_TASK OBJECTIVE_: Here are records with pictures in them. Copy all of them exactly and leave the pictures out.
- - - -
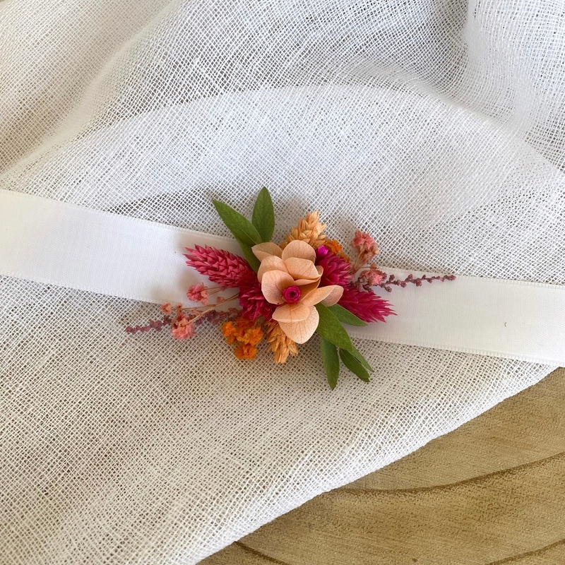 La boutonnière est composée avec des fleurs et feuillages stabilisés & séchés. Parfaite pour apporter une touche fleurie et élégante à la tenue.
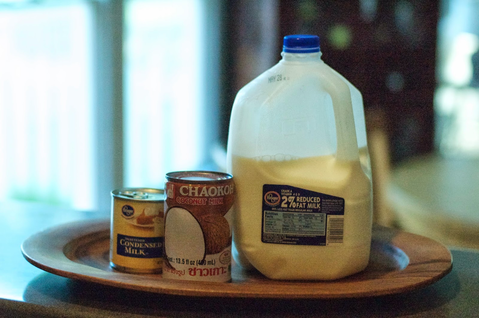 Stir the 3 milks together. Use a whisk, if needed, or a fork, to make a smooth, consistent texture.
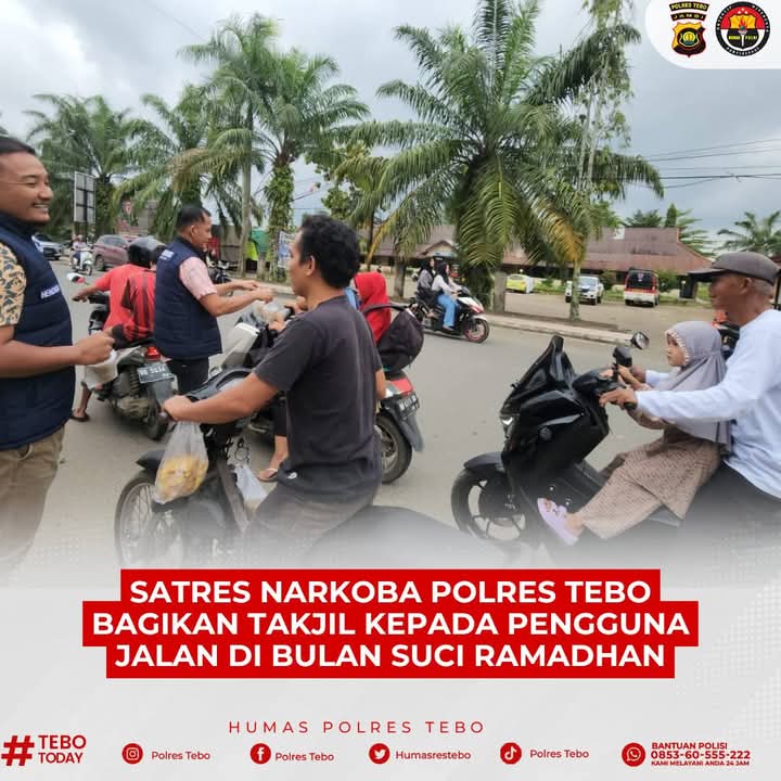 Dalam rangka menyemarakkan bulan suci Ramadhan, Satuan Reserse Narkoba (Satres Narkoba) Polres Tebo menggelar kegiatan berbagi takjil kepada para pengguna jalan
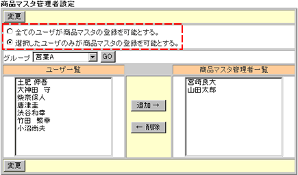 「管理者」レベルのユーザであると、他のユーザのデータをメンテナンスやすることが可能となります。
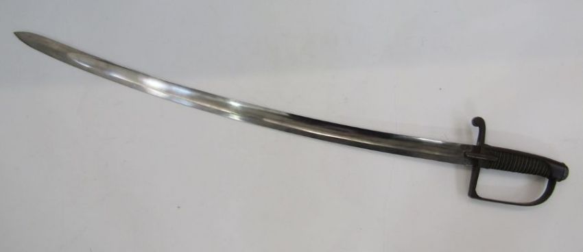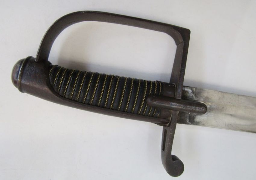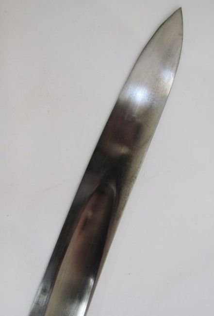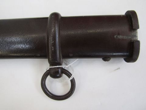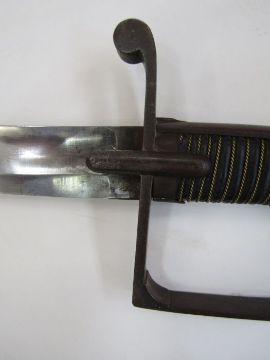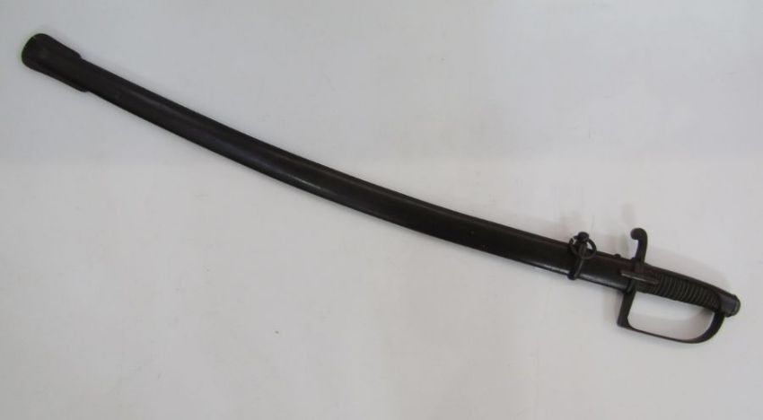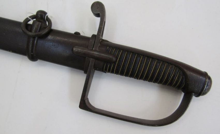 Sabre and scabbard both in good condition with no apparent damage. Some black dirt accumulated at the top of the blade.
- - - -
_RESULT FOR THIS EXERCISE_:
 La boutonnière est composée avec des fleurs et feuillages stabilisés & séchés. Parfaite pour apporter une touche fleurie et élégante à la tenue.
 Stir the 3 milks together. Use a whisk, if needed, or a fork, to make a smooth, consistent texture.
 Dalam rangka menyemarakkan bulan suci Ramadhan, Satuan Reserse Narkoba (Satres Narkoba) Polres Tebo menggelar kegiatan berbagi takjil kepada para pengguna jalan
 「管理者」レベルのユーザであると、他のユーザのデータをメンテナンスやすることが可能となります。
 Sabre and scabbard both in good condition with no apparent damage. Some black dirt accumulated at the top of the blade.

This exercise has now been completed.